Podsumowując, w ocenie Sądu, ruch pozwanego przedsiębiorstwa w żaden sposób nie pozostaje w adekwatnym związku przyczynowym ze zdarzeniem z 19 maja 2012 r. Za wyłącznie winnego powstania szkody uznać należy samego poszkodowanego, który swym lekkomyślnym zachowaniem naruszył nie tylko oznaczone wyżej normy prawne, ale także podstawowe zasady zdrowego rozsądku i ostrożności wymaganej od każdego rozsądnie postępującego nastolatka. Uznanie wyłącznej winy osoby bezpośrednio poszkodowanej ma przełożenie na niezasadność roszczeń osób pośrednio poszkodowanych.

Ponadto należy zwrócić uwagę, iż przyznanie przez Sąd zadośćuczynienia jest fakultatywne (art. 446 § 4 k.c.). W okolicznościach faktycznych niniejszej sprawy, przyznanie zadośćuczynienia pieniężnego w sytuacji gdy do wypadku doszło z powodu lekkomyślnego i negatywnie postrzeganego społecznie zachowania poszkodowanego, wynikającego z błahych pobudek, w ocenie Sądu uznać należałoby za uzasadniające, odmowę przyznania powodom chociażby symbolicznego zadośćuczynienia za doznaną w wyniku śmierci osoby bliskiej krzywdę.

Mając powyższe na uwadze Sąd oddalił oba powództwa.

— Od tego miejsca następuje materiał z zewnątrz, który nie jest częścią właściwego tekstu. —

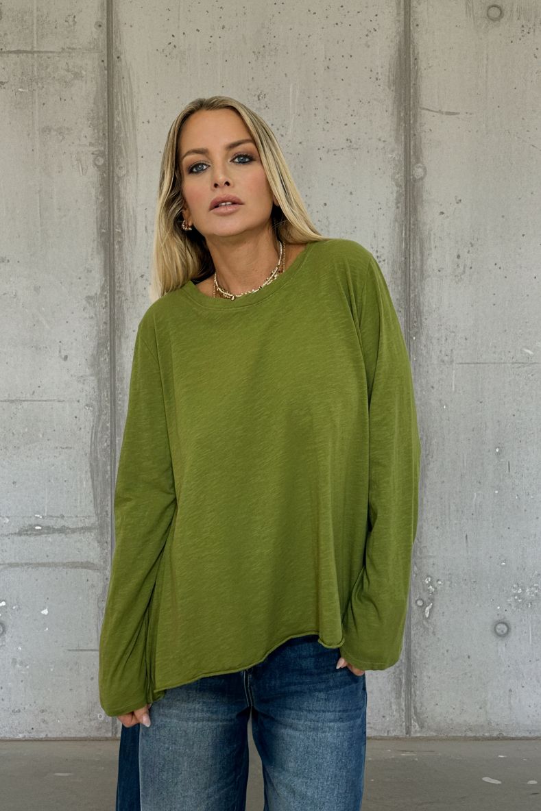 טי שירט ארוכת שרוול בגזרת אוברסייז משוחררת, עשויה מ־100% כותנה רכה ונעימה למגע.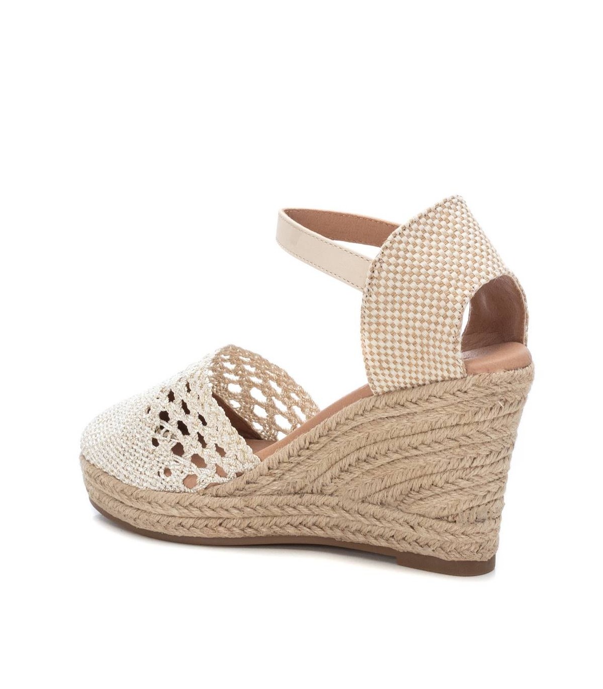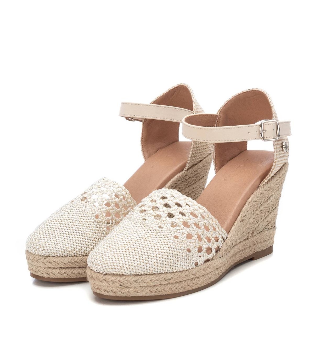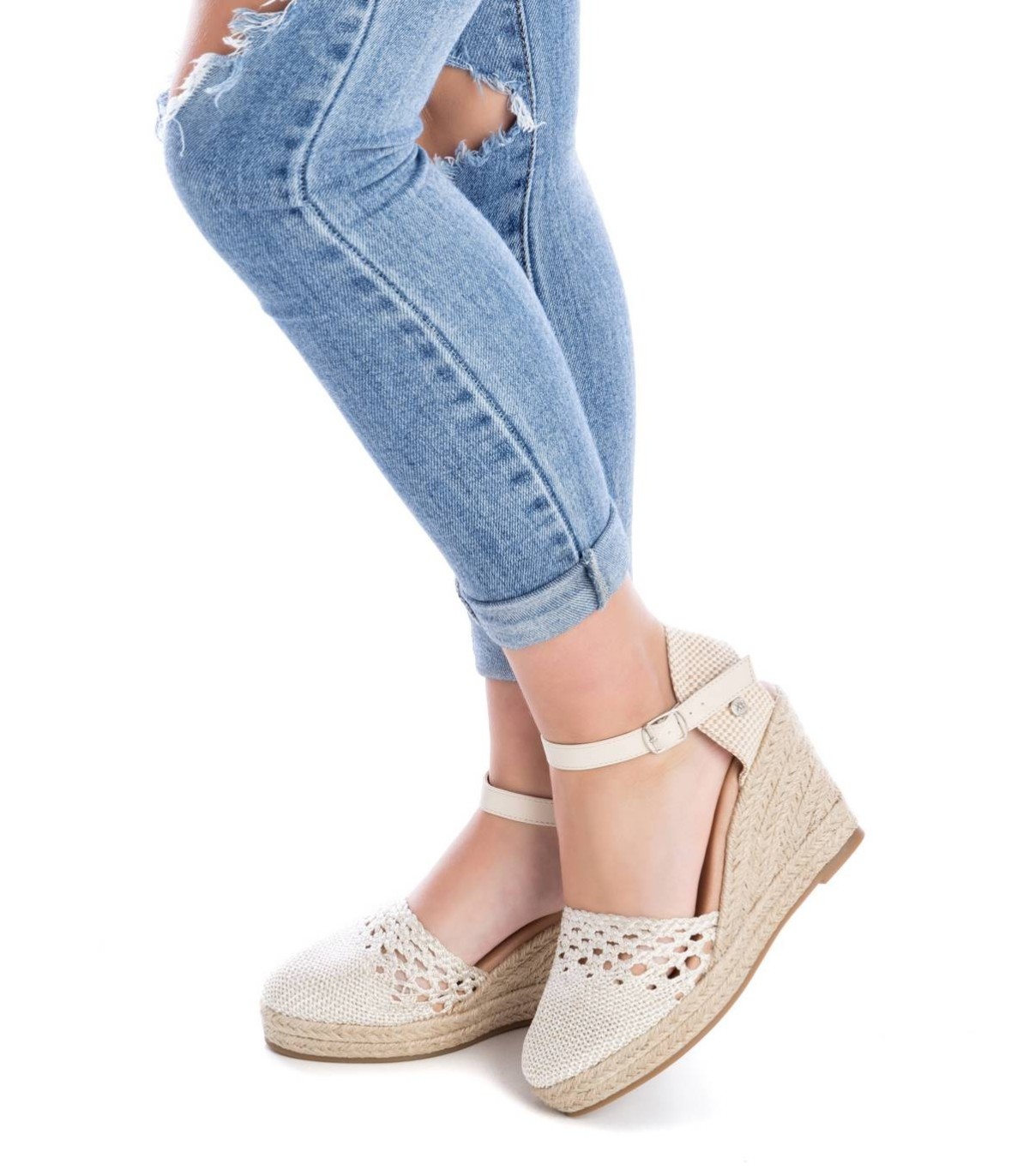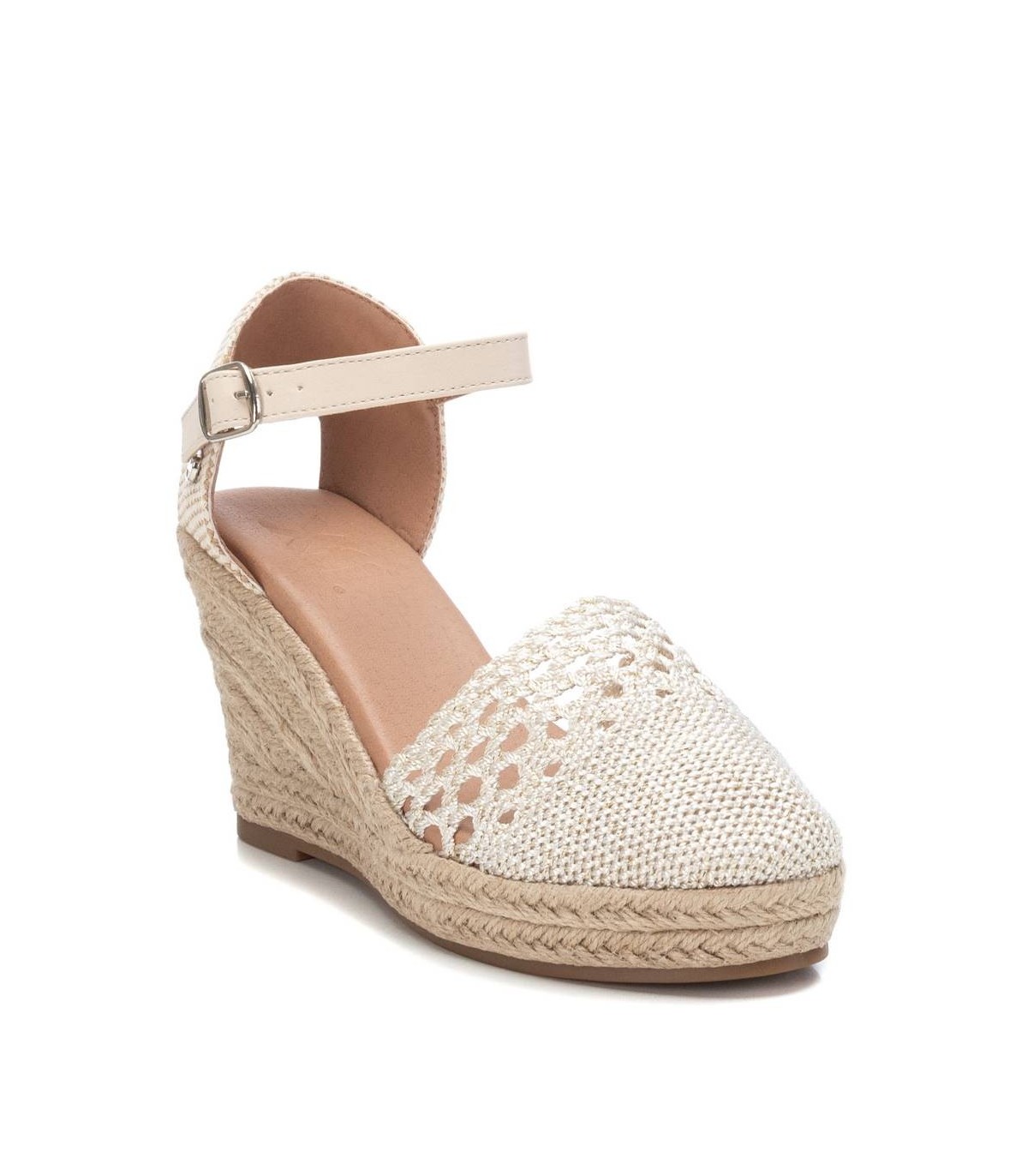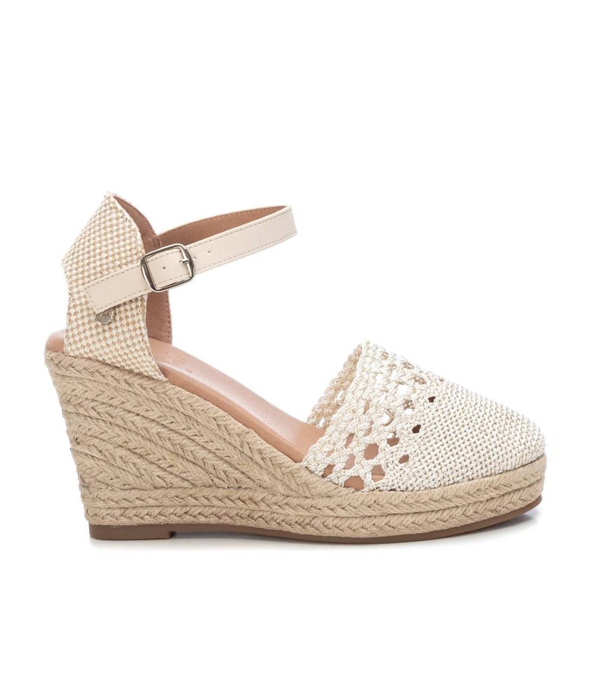 Zapato de mujer con cuña, tipo valenciana, de la marca Xti. Fabricado en tejido de ganchillo, este modelo te acompañará en todos tus looks del verano. Pulsera al tobillo con cierre de hebilla. Cuña de 10cm forrada en yute y suela de goma antideslizante. Este modelo ha obtenido el certificado vegano por la organización mundial PETA (Organización de los derechos de los animales).

O kosztach postępowania Sąd zgodnie z zasadą odpowiedzialności za wynik procesu wyrażona w art. 98 k.p.c.

W zakresie pkt 5 Sąd orzekł na podstawie art. 84 ustawy o kosztach sądowych w sprawach cywilnych.

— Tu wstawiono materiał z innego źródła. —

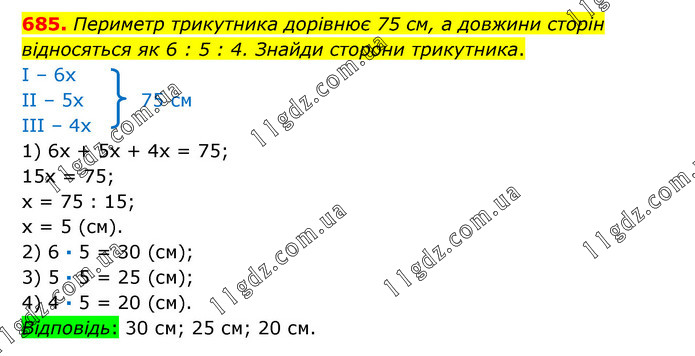 Периметр трикутника дорівнює 75 см, а довжини сторін відносяться як 6 : 5 : 4. Знайди сторони трикутника. І – 6х ІІ – 5х 75 см ІІІ – 4х 1) 6х + 5х + 4х = 75; 15х = 75; х = 75 : 15; х = 5 (см). 2) 6 · 5 = 30 (см); 3) 5 · 5 = 25 (см); 4) 4 · 5 = 20 (см). Відповідь: 30 см; 25 см; 20 см.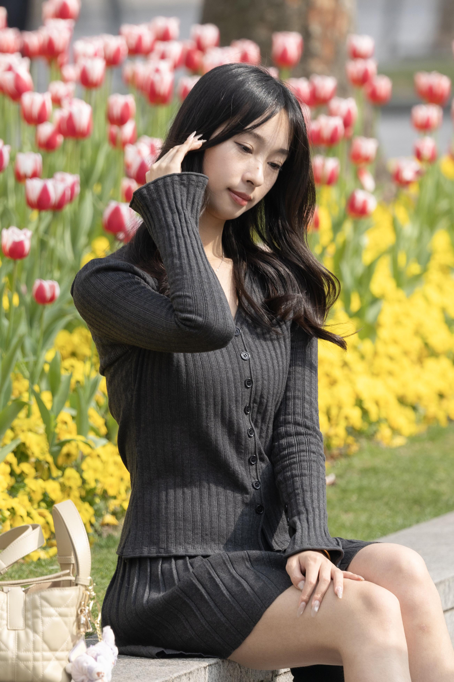 2025年3月11日,上海,外滩郁金香绽放,在花海前留影的女孩。

Ustosunkowując się do wniosku powodów o nieobciążanie ich kosztami procesu, Sąd przyjął, iż okoliczności niniejszego przypadku nie pozwalają na zastosowanie wyjątku wynikającego z art. 102 k.p.c. Regułą w postępowaniu cywilnym jest zasada odpowiedzialności za wynik procesu określona w art. 98 k.p.c., zgodnie z którym strona przegrywająca sprawę obowiązana jest zwrócić przeciwnikowi na jego żądanie koszty niezbędne do celowego dochodzenia praw i celowej obrony (koszty procesu). W myśl natomiast art. 102 k.p.c. w wypadkach szczególnie uzasadnionych sąd może zasądzić od strony przegrywającej tylko część kosztów albo nie obciążać jej w ogóle kosztami. W ugruntowanym w tym zakresie orzecznictwie Sąd Najwyższy wskazał również, że „zastosowanie przez sąd art. 102 k.p.c. powinno być oceniane w całokształcie okoliczności, które by uzasadniały odstępstwo od podstawowych zasad decydujących o rozstrzygnięciu w przedmiocie kosztów procesu. Do kręgu tych okoliczności należy zaliczyć zarówno fakty związane z samym przebiegiem procesu jak i fakty leżące na zewnątrz procesu zwłaszcza dotyczące stanu majątkowego (sytuacji życiowej). Okoliczności te powinny być oceniane przede wszystkim z uwzględnieniem zasad współżycia społecznego” (vide: postanowienie z 14 stycznia 1974r., II CZ 223/73, LEX nr 7379, postanowienie Sądu Najwyższego z 13 października 1976r. sygn. IV Pz 61/76, LEX nr 7856, postanowienie Sądu Najwyższego z 16 lutego 1981r. sygn. IV Pz 11/81, LEX nr 8307, postanowienie Sądu Najwyższego 17 kwietnia 2013r. V CZ 132/12, LEX nr 1341732).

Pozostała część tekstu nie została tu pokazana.